● Work order: Only the lines below from the one with "Пончо из 100%" through the one with "К примеру, можно" are to be written out, exactly and without any images.

● Records for the exercise:
########################################

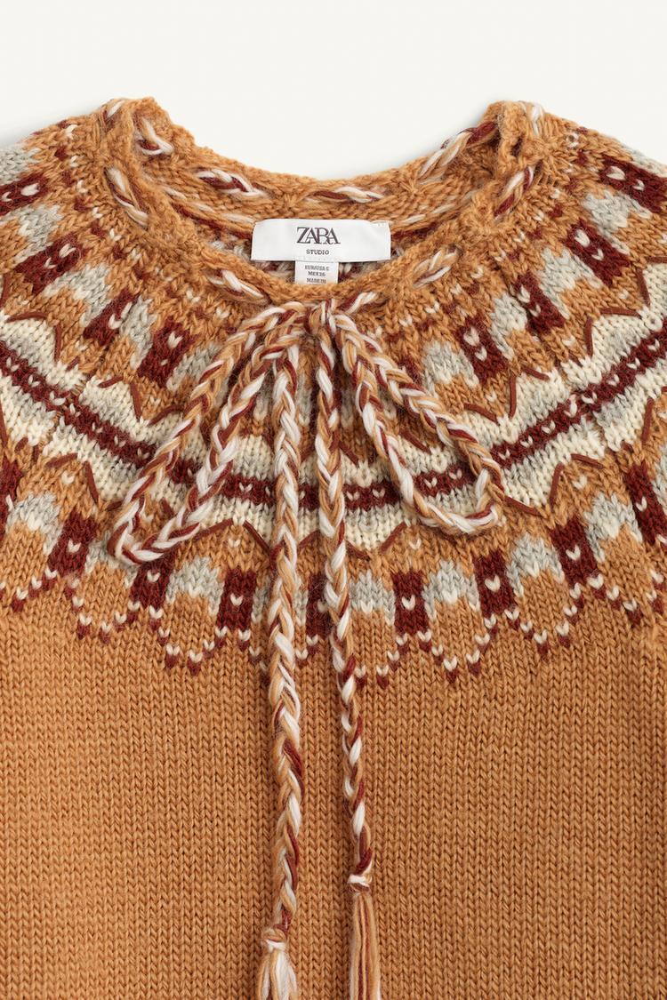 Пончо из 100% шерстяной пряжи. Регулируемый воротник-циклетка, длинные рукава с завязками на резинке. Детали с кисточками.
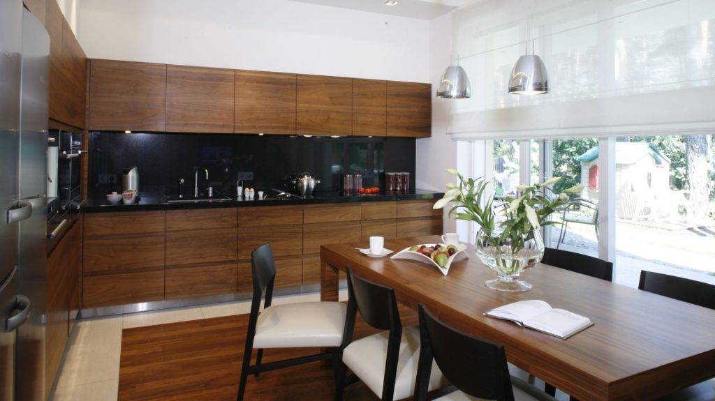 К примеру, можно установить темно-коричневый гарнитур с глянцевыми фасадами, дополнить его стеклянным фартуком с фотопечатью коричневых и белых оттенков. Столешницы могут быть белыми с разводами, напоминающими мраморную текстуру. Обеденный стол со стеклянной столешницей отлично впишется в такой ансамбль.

########################################

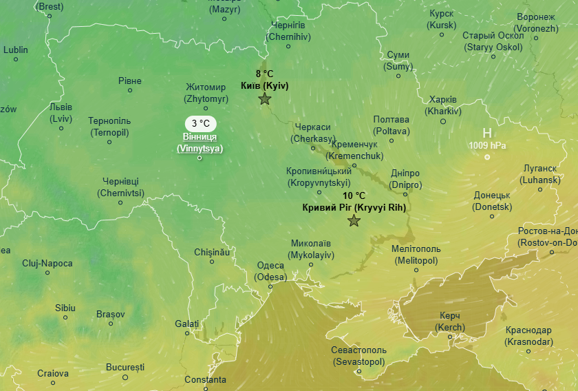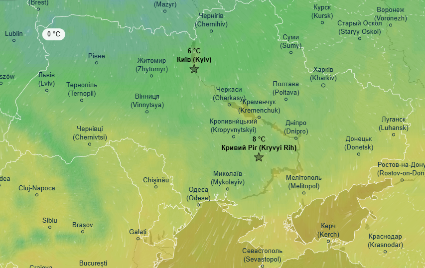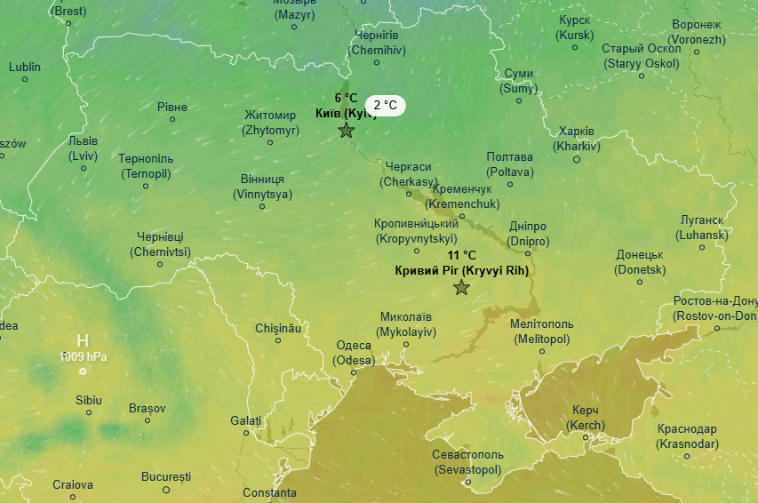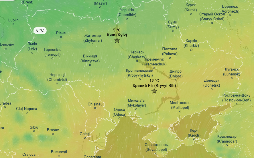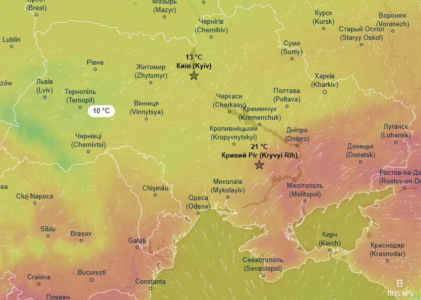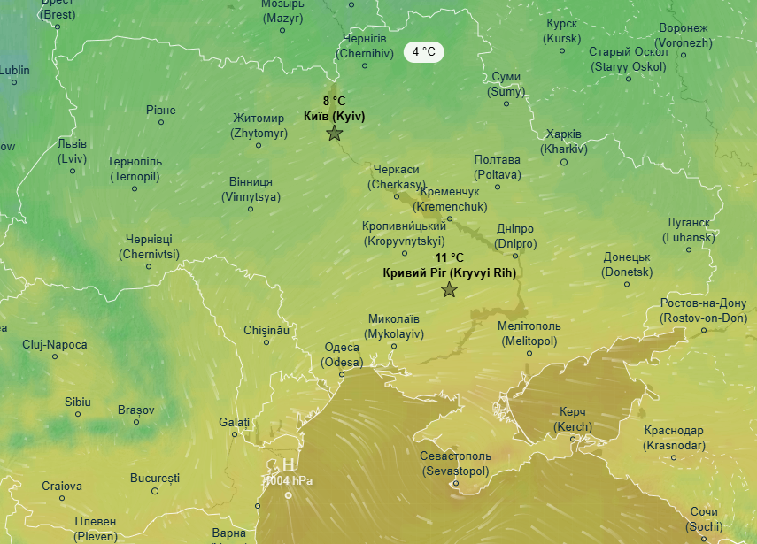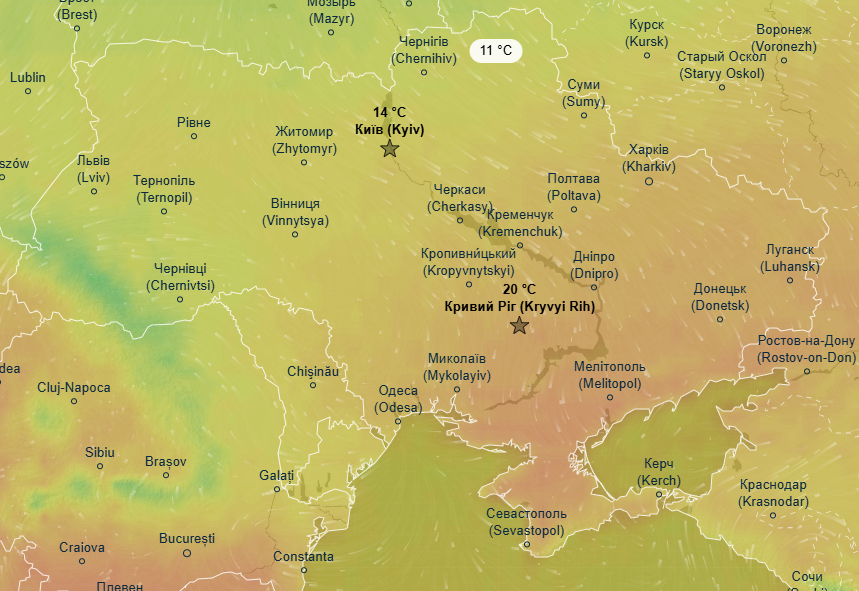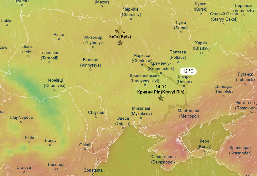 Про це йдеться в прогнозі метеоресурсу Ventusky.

########################################

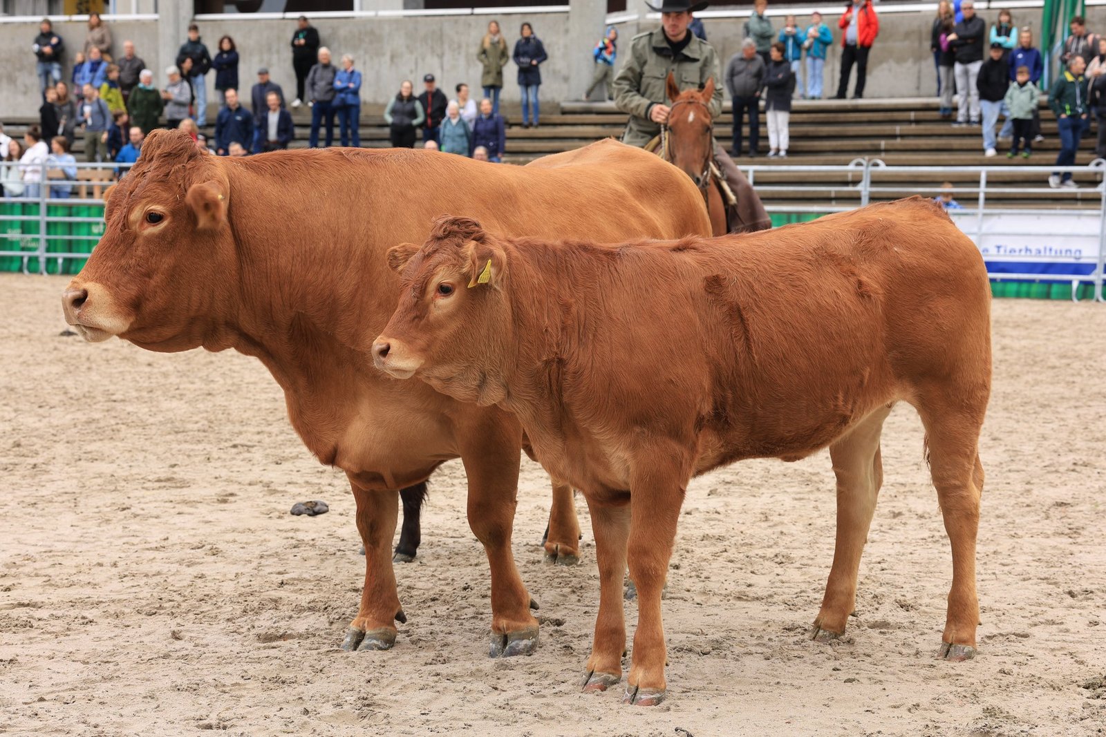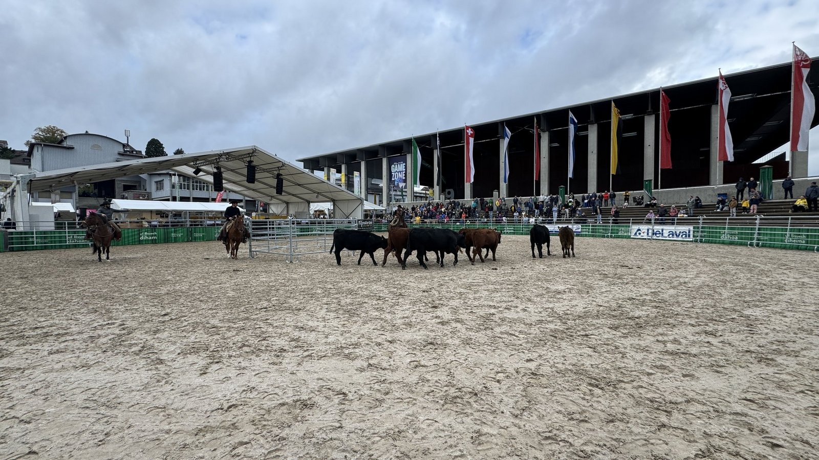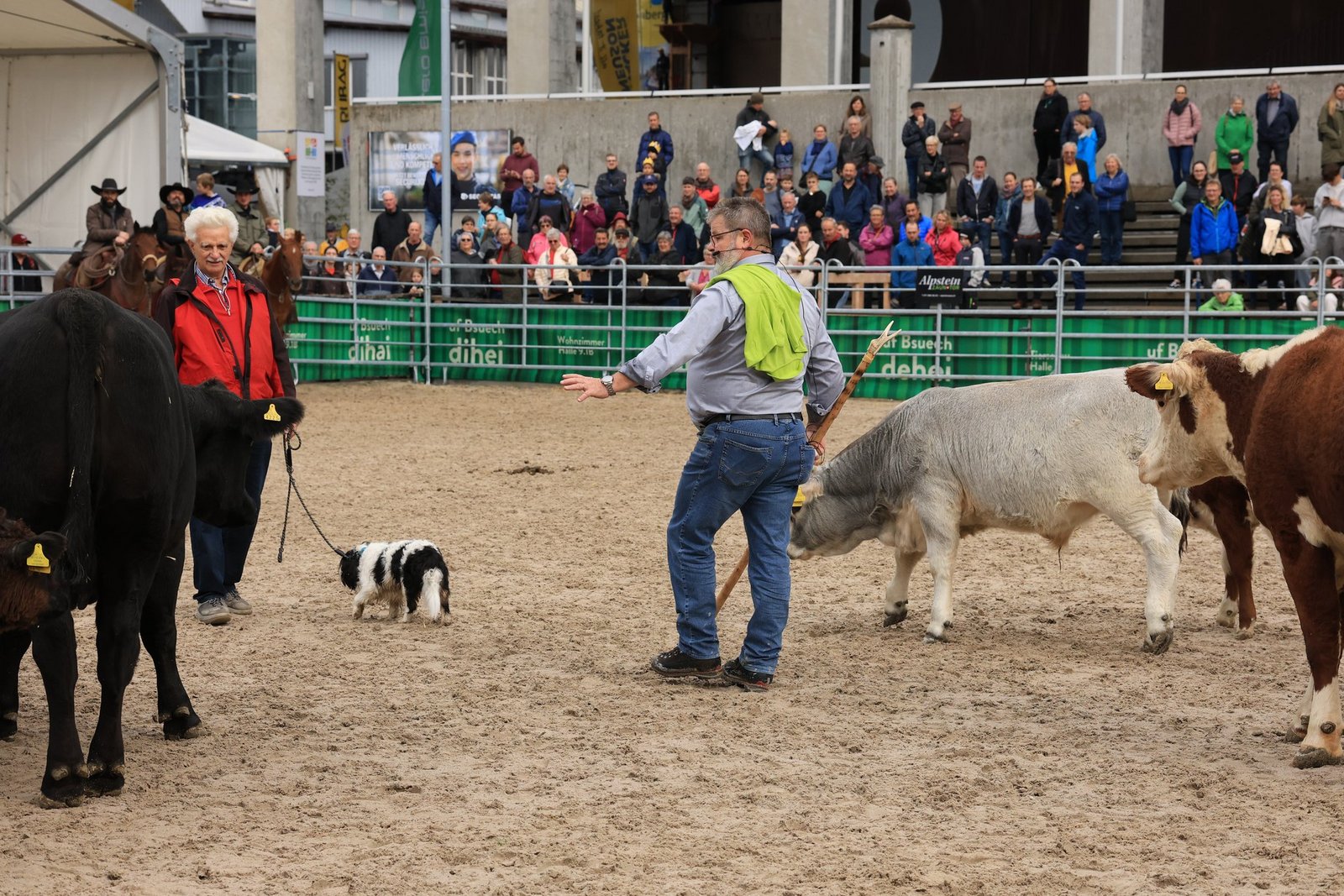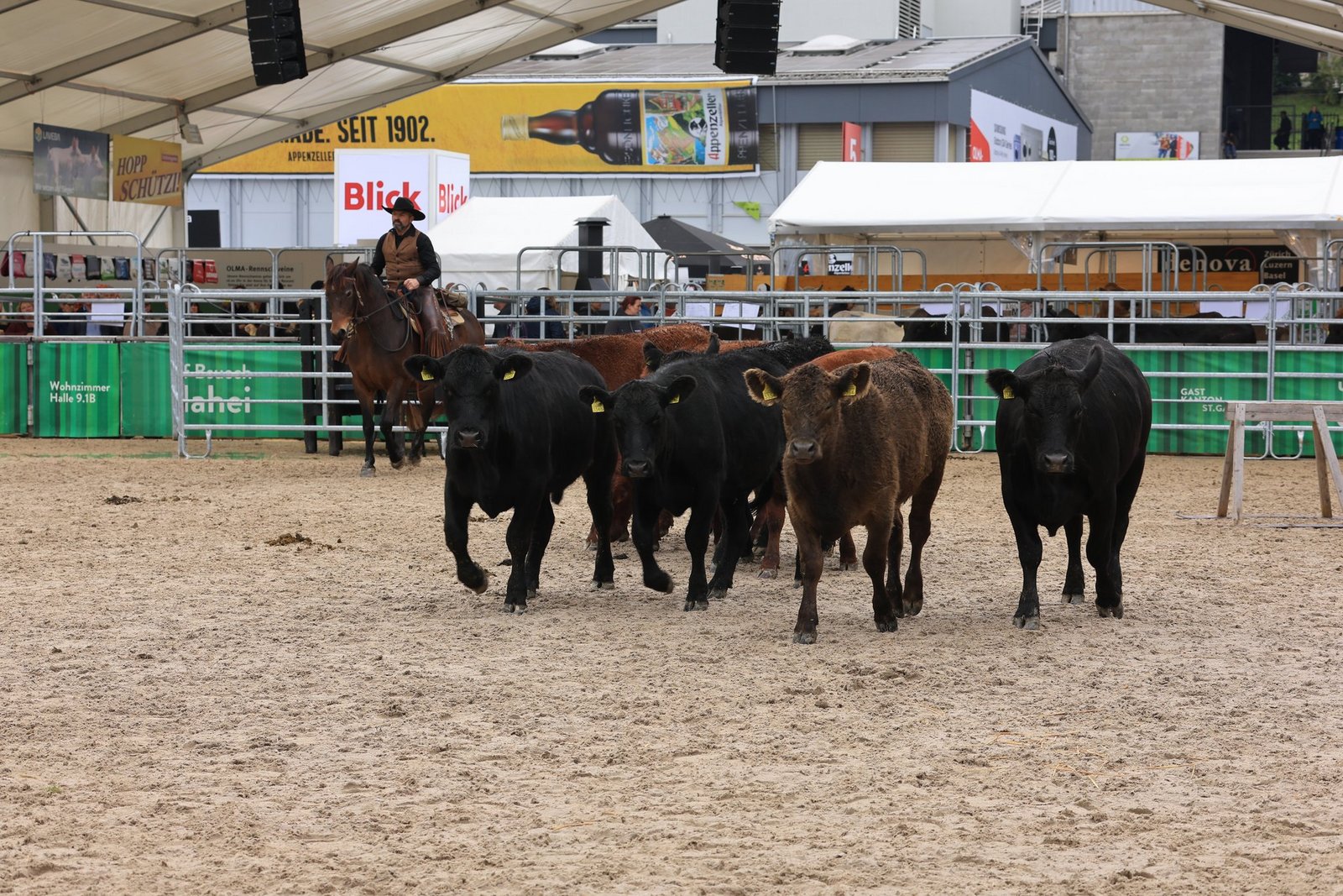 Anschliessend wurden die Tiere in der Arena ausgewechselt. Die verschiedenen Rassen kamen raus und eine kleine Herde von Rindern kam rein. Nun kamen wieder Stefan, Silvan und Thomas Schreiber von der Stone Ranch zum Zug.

########################################

● Completed task:
 Пончо из 100% шерстяной пряжи. Регулируемый воротник-циклетка, длинные рукава с завязками на резинке. Детали с кисточками.
 К примеру, можно установить темно-коричневый гарнитур с глянцевыми фасадами, дополнить его стеклянным фартуком с фотопечатью коричневых и белых оттенков. Столешницы могут быть белыми с разводами, напоминающими мраморную текстуру. Обеденный стол со стеклянной столешницей отлично впишется в такой ансамбль.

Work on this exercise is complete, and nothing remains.